I am also planning a collection of my essays entitled The Absurd Naturalist. This will be a collection of my humorous nature and gardening essays. My first forays into writing were essays, and I have been writing them ever since. Many have been published in weekly and monthly newspaper columns I wrote as well as in various magazines and literary journals. I am thinking of illustrating this with some humorous black and white line drawings.


KR: Wowee, these sound fascinating! Now that John Boggle has appeared in two novels, will we hear from him again?

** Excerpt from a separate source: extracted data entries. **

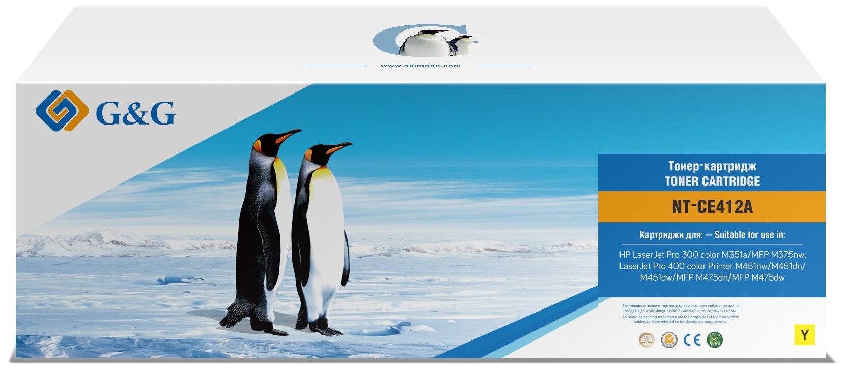 CE412A G&G cовместимый желтый картридж для HP Color LaserJet Pro M351/ M375/ M451/ M475 (2 600ст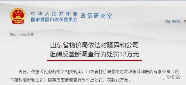 上周五,因?yàn)閴艛嘣纤?,國家工商總局?duì)武漢新興精英醫(yī)藥有限公司罰款220萬。今天,發(fā)改委官網(wǎng)發(fā)出消息,接受舉報(bào)后,國家發(fā)改委在調(diào)查濰坊隆舜和醫(yī)藥有限公司是否存在原料藥壟斷行為時(shí),該公司阻礙調(diào)查,因此被罰12萬。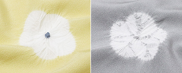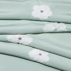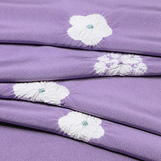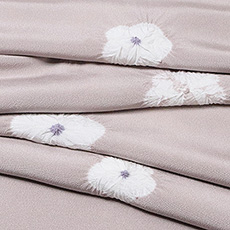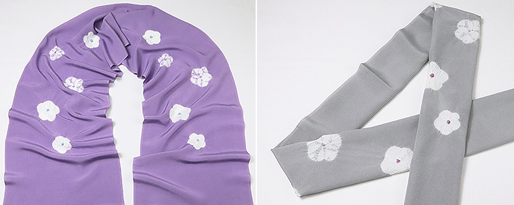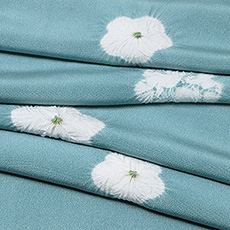 三越(みこし)素材に、片面に梅を5ツ(輪出し小帽子3ツ、傘巻き2ツ)絞った帯揚げ。 梅柄五ツのシンプルな校正でありながらも、 輪出し、小帽子、傘巻き、といった、絞り技の競演が見ごたえのある帯揚げと言えます。 また中老的なスモーキーな配色も魅力です。 帯まわりから、僅かしか顔を覗かせない帯揚げですが、 脇役でありながらも「アートを身にまとう」気持ちが大事。 そんな自己満足が、知らず知らずのうちに気姿にも滲み出てくるもの・・・。

GT: You’re not the first person to ask me this, Kate. This is what happens when an author writes more than one novel featuring the same main character. Now you have to do a series, or at the very least finish the third novel so you can have a trilogy. At this point, I haven’t decided. After taking John through the middle grades into young adulthood, however, I am tempted to follow him into his twenties to see how he turns out. I mean this guy’s got one hyper-imagination, and I wonder how he will deal with it in the future. Will he trip out on his imaginary journeys to such an extent that he can no longer separate reality from fantasy? Does the fantasy finally become so real that he can no longer find his way back? And back to what? What is real? And what becomes of him now? OK, you can see my mind is already spinning. So yes, there is the possibility of at least one more book. I think I owe it to John.


KR: I think your readers will be thrilled! One last question - two in one, really (many thanks to CAB!) . . . My Vacation in Hell handles John Boggle’s dilemma through the lens of Christian mythology – a framework for the story, yet you subvert this to make the framework palatable for modern kids. How or why did you choose this path? And is it possible to frame a plot based on Dantes “Divine Comedy,” which has sections on “Inferno,Purgatorio, and Paradiso – hell, purgatory, and heaven?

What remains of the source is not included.